What about all the top contenders in the division trying to earn their chance at a Championship fight? Matthysse loses a fight to a top contender (Paul Williams) and that propels him to a fight against a major Title belt holder? How does that work?
Where is the meritocracy that is supposed to be the decisive factor of who faces who in sports? That Matthysse was afforded a chance to win the IBF Title without really earning it waters down the value of all the Titles. Maybe Cintron should be trying to get a rematch against the man who beat him, Margarito, who could use some help regaining a title after his meeting with Paul “The Punisher” Williams.
Styles make fights and in the biggest fight of the night, five foot, eleven inch WBO Champion, Antonio Margarito (34-5, 24 KO’s) took on the six foot one inch tall, Paul Williams (33-0, 24 KO’s) in what was Margarito’s eighth Title defense at the Home Depot Center in Carson California.
Williams looked like he was six foot four against the smaller Margarito. Williams was the busier fighter, who worked his jab from a good range and constantly outworked Margarito for the better part of twelve rounds.
Margarito did land the more damaging punches later in the fight but was constantly beaten to the punch by the lanky Williams, who dominated the early rounds with his jab and follow up combinations. He did enough in the late rounds to earn a Unanimous Decision victory over the man that, “nobody wants to fight at 147.” Mostly it felt like Margarito just ran out of rounds. Had it been a 15 round fight, Margarito probably would have won because he was getting to Williams in the seventh, eighth and eleventh rounds. For all of his offensive prowess, Williams never managed to hurt Margarito at all.
One of the most impressive things about this fight was the cardio vascular conditioning of both guys. Neither man ever looked out of breath in their corners from the beginning to the end.
The decisive factor in this one was that Williams was simply faster and longer than Margarito, who had trouble getting much offense going in the first five rounds.

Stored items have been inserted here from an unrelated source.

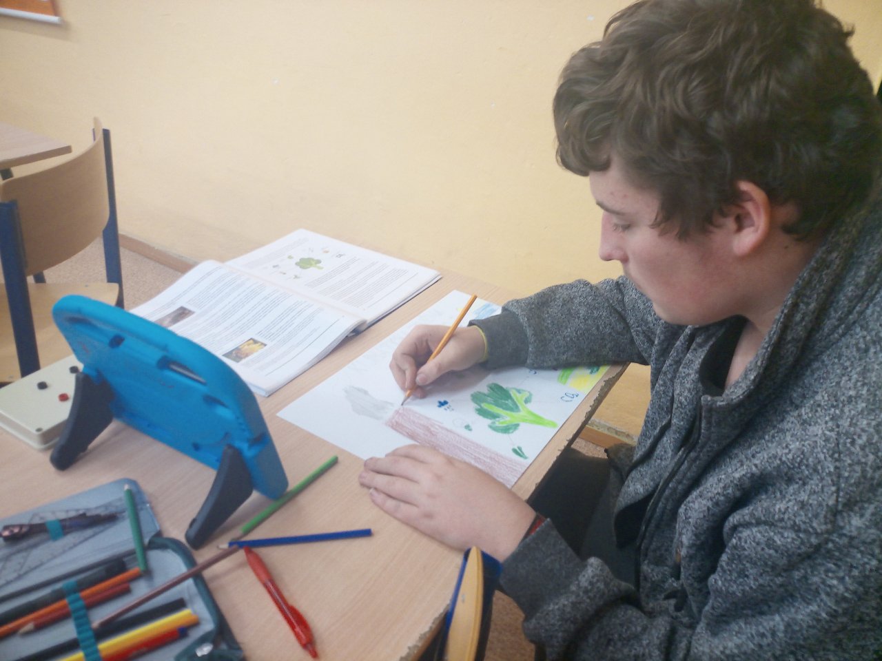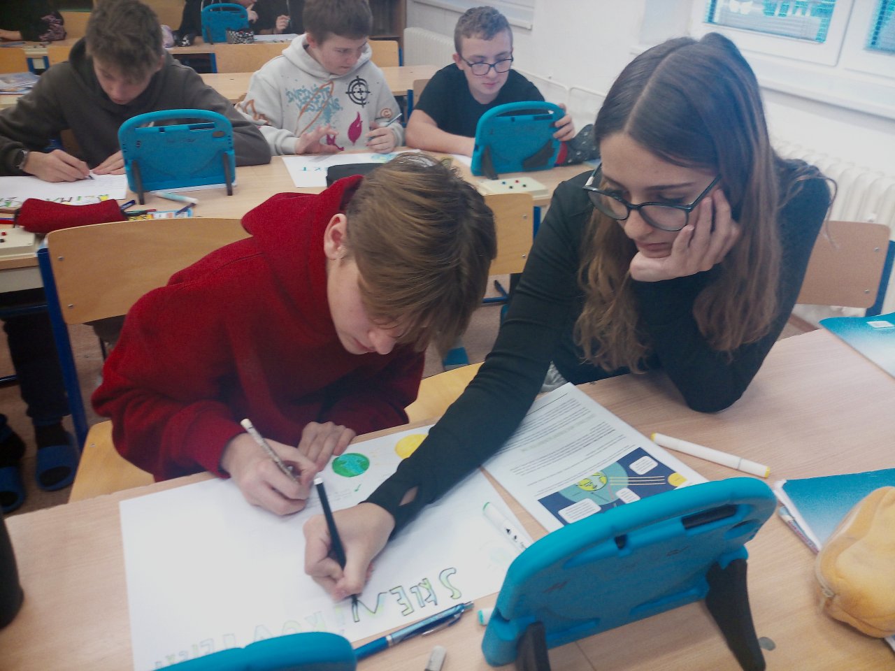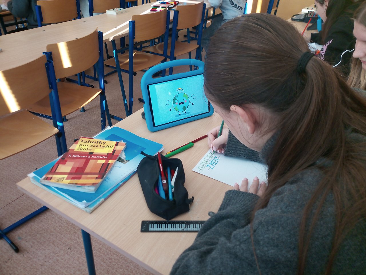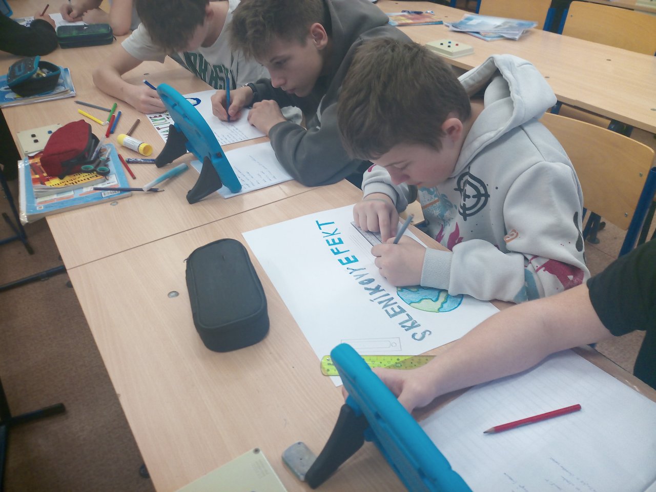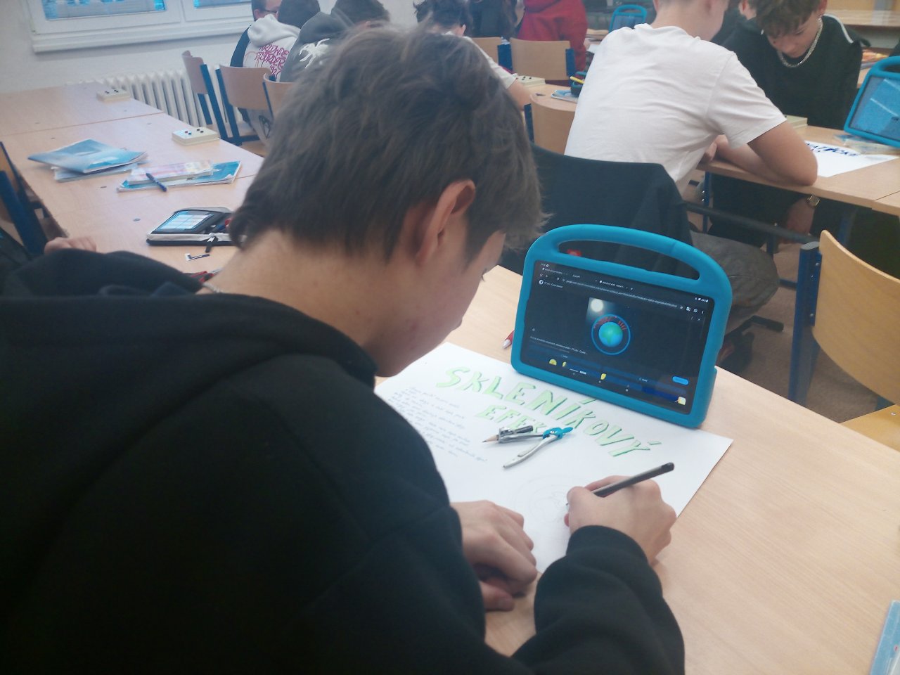 Následovala krátká diskuse. Poté žáci pracovali ve skupinách a vytvářeli jednoduché plakáty s využitím internetu, kde vyhledávali konkrétní informace k vybraným oblastem, například extrémní počasí, znečištění ovzduší nebo ochrana přírody.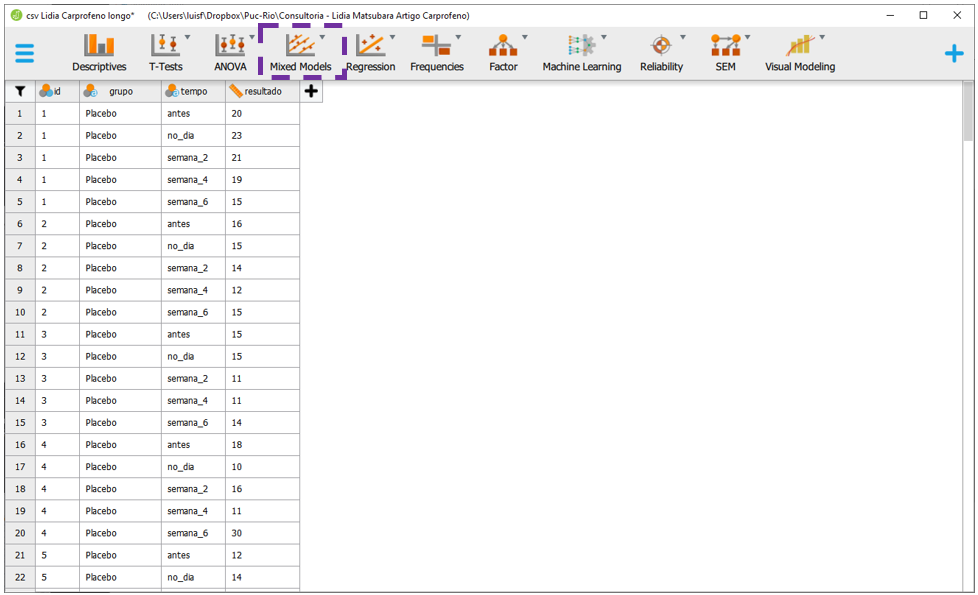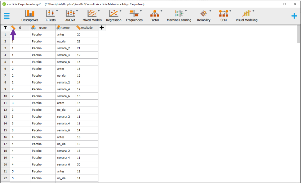 A base utilizada será a intitulada “csv Lidia Carprofeno longo”. Essa base tem o formato longo. Isso significa que os resultados obtidos no decorrer do tempo serão apresentados em cada uma das linhas do conjunto de dados. Modelos Lineares Mistos tendem a solicitar que os dados sejam organizados desta maneira.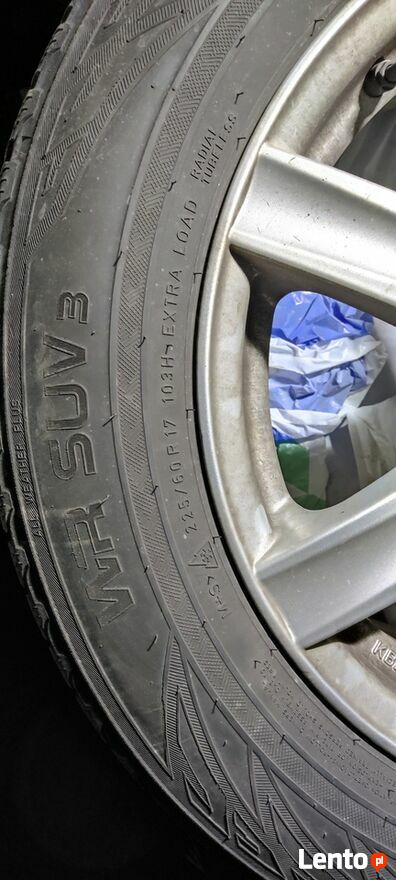 sprzedam komplet x4 szt Nokian 225/60 r17 felgi z oponami zimowymi używanymi jeden sezon, przechowywane w zamkniętym magazynieodbiór osobisty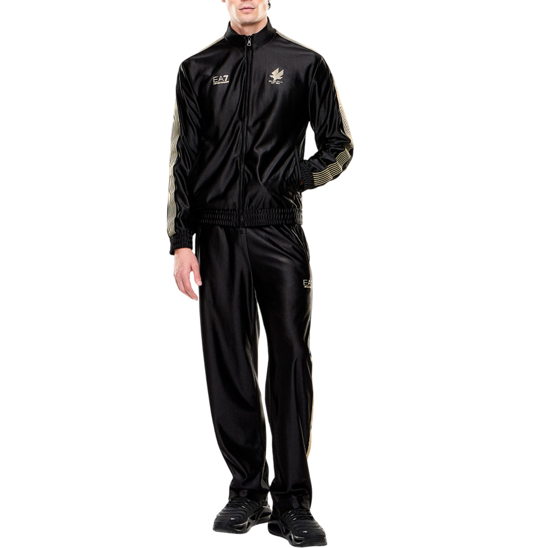 Tuta realizzata in tessuto tecnico dal particolare finish shiny, dalla vestibilità regular, parte della proposta Soccer. Il modello si compone di una felpa con zip e tasche laterali e un pantalone con coulisse in vita, entrambi personalizzati dal logo EA7 a contrasto e dal logo di colleione. con finitura gold. Il modello è parte della proposta Soccer, che presenta elementi che rimandano al mondo del calcio, ed è caratterizzata inoltre dal logo EA7 impresso sul petto e il logo Eagle stilizzato.
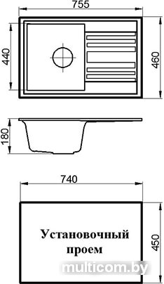 | Ширина мойки | 75.5 см |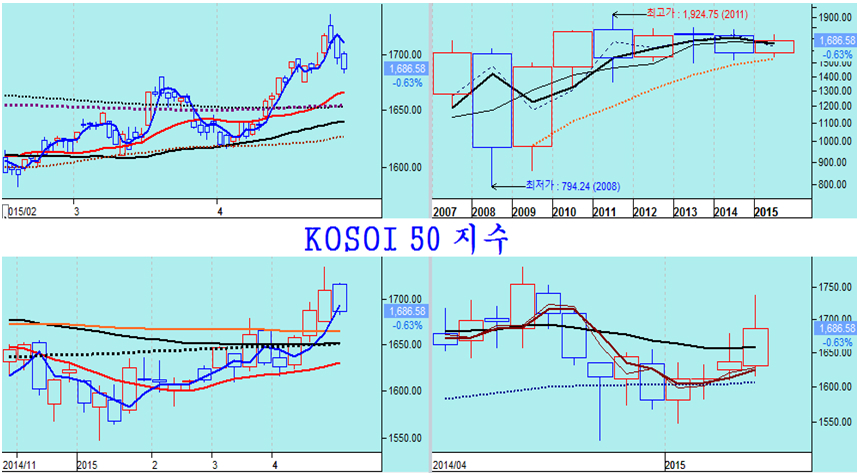삼성전자자나 현대차에 대해 실적 우려를 부풀리고 있으나 현재의 조정은 옵션 게임의 일환일 뿐 실적과 무관하며, 실적발표와도 별 상관이 없는 흐름이다. 도박지수인 KOSPI 50을 보면 지난주 지수를 이끄는 자동차를 상승시켜 옵션 프리미엄을 확대한 다음 하락으로 유인하는 수익 전략이 이어지고 있고, 옵션 포재션을 볼 때 KOSPI 50 지수를 기준하여 1650까지도 하여 1650을 전후한 가격까지 변동을 거칠 가능성이 있다.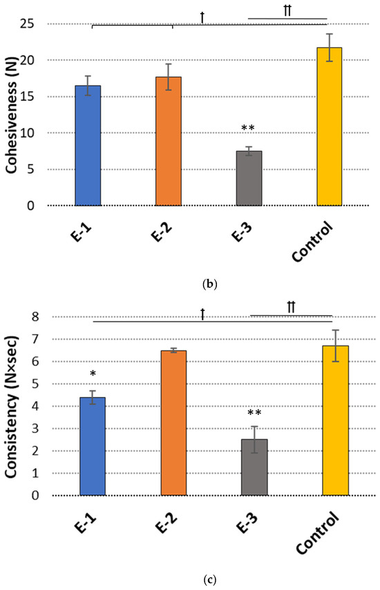 To provide deeper insight into the internal structures of emulgels, the textural studies of the formulations were assessed and the firmness, cohesiveness, and consistency measurement data are displayed in Figure 2.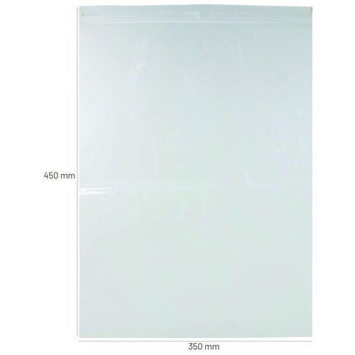 Sachets zip, Épaisseur: 50 µm, Matériau: Polyéthylène, Hauteur: 450 mm, Largeur: 350 mm, Coloris: Transparent Sachets zip, Épaisseur: 50 µm, Matériau: Polyéthylène, Hauteur: 450 mm, Largeur: 350 mm, Coloris: Transparent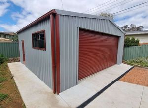 Spanning 7m x 7.2m x 3.42m to the apex, this stunning double garage is styled in COLORBOND Windspray® & Manor Red®.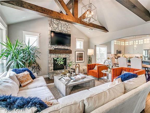 The word is WOW!! Check out this beautiful home with all the extras. Great room with open kitchen and tall ceilings with beams accenting the living room, upper end surround sound system in living with speakers on patio. Kichen cabinets go all the way up with top row with glass doors that can really let you decorate. Master with shower with seat and linen hutch and barn door to bath. 4 bedroom was oversized study that was made into a fourth bedroom with adding a closet at planning stage. It still has double doors and transom window so it could still be used as a 3 bedroom with a study. Patio was extensively expanded after construction. You could live out there, Hot tub and lights will stay with the property on the back patio, including the speakers with sound system out there. Windows in living spaces encased with wood and a lovely box seat in dining area with extra wood trim. The neighborhood has all kinds of amenities, with pond and walking trails and access to the pool/clubhouse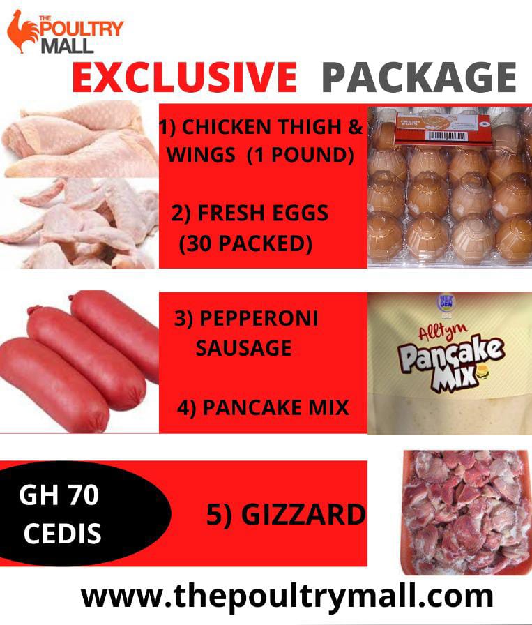 Our Exclusive Combo Package contains a pound of chicken thighs & wings, 30 Packed Fresh Eggs, Pepperoni Sausage and pancake mix
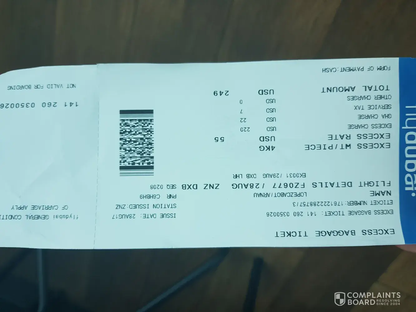 Taking my flight back from Zanzibar to Dubai, flight number FZ 677, the total weight on my sports equipment was 34 kg, 4 kilos above the allowed 30kg. On the airport, they made me pay 55 dollars per additional kilo, totalling 249 USD. This is way above the rates that you have on your online for zone 3 (55 EAD, not USD). I have uploaded a picture of the receipt I got in the airport.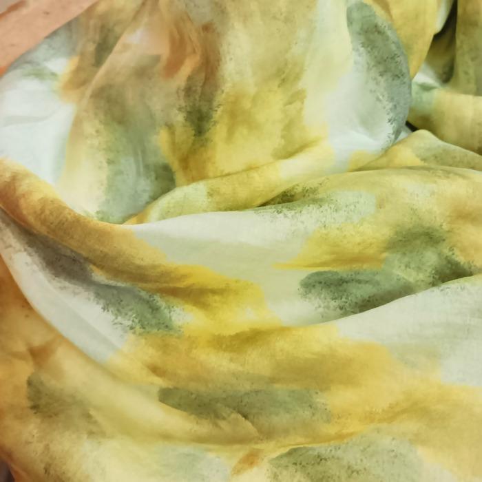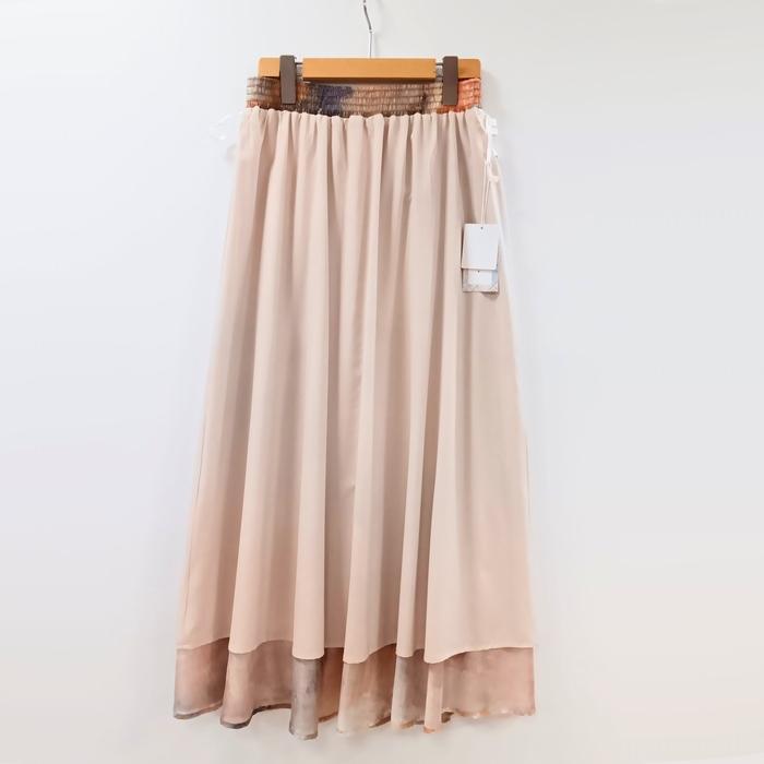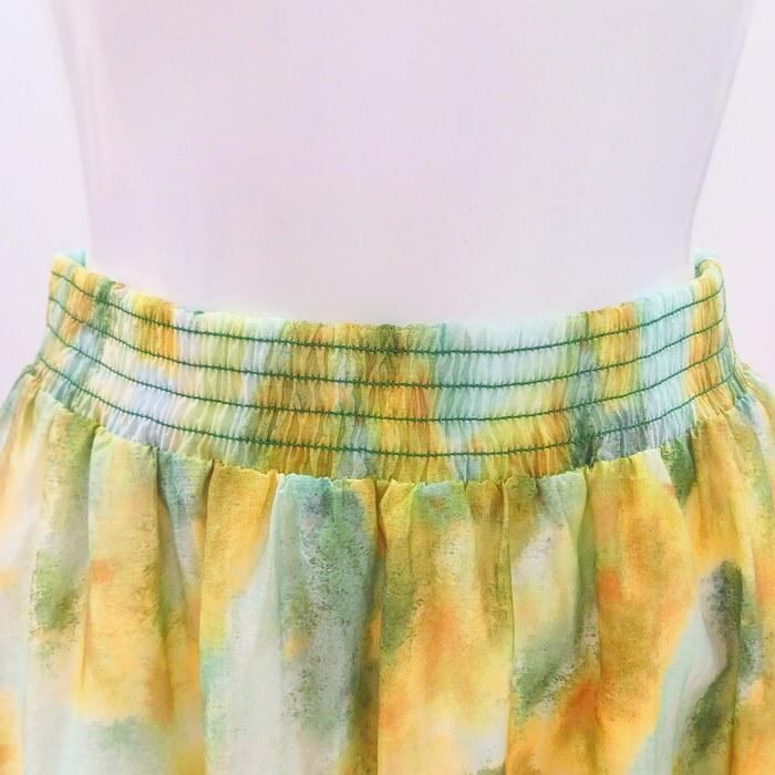 水彩画で描かれたような柄が印象的で透明感のあるフレアスカート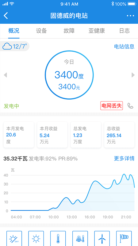 不管何时何地,您都可以通过小固云窗随时留意电站的发电状况、收益情况以及设备的运行状态。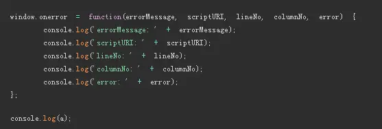 除了try catch还有window.onerror, onerror提供了全局监听异常的功能: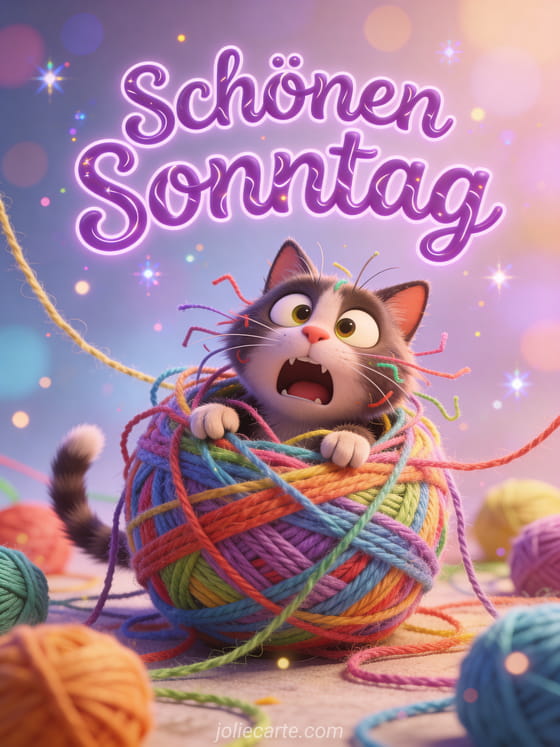 Teile ein animiertes GIF zum schönen Sonntag Humor mit flippiger violetter Schrift, einer verrückten roten Cartoon-Katze mit wilden Augen, die in einem chaotischen Wollknäuel steckt, und bunter Wolle überall. Entdecke auch Guten Morgen schönen Sonntag Bild oder Schönen Sonntag und schönen Tag.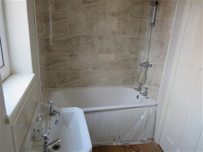 Three piece suite comprising low level wc, pedestal wash hand basin, bath with shower over, tiled splashback and double glazed window to side elevation.

The fourth round was close because Margarito actually was able to score on the inside to the body. But in almost every round except for the sixth, ninth and tenth, Williams always dictated the tempo and scored more often.
After 12 rounds, Williams face was swollen and he bled from a cut over his left eye. Margarito was unblemished and sure that it was he, who had won. The Judges scored it 116-112 and 115-113 twice, all in favor of Williams. Margarito called the decision a robbery. I can’t see how Margarito can think he won the fight when he lost so many rounds by being outworked and out pointed by the softer punching but voluminous Paul Williams.
With a well-stocked Welterweight Division, lets hope there’ll be some big time fights on the horizon. This division is real tight at the top and we fans deserve to see the best fight the best!
We have some tough customers at 147, like Kermit Cintron, Miguel Cotto, Floyd Mayweather Jr., Shane Mosley and possibly Oscar De La Hoya, who supposedly plans continue fighting at 147. And don’t forget Antonio Margarito, he’ll be back. Just think what a great tournament could be made to separate the contenders from the Champions at Welterweight.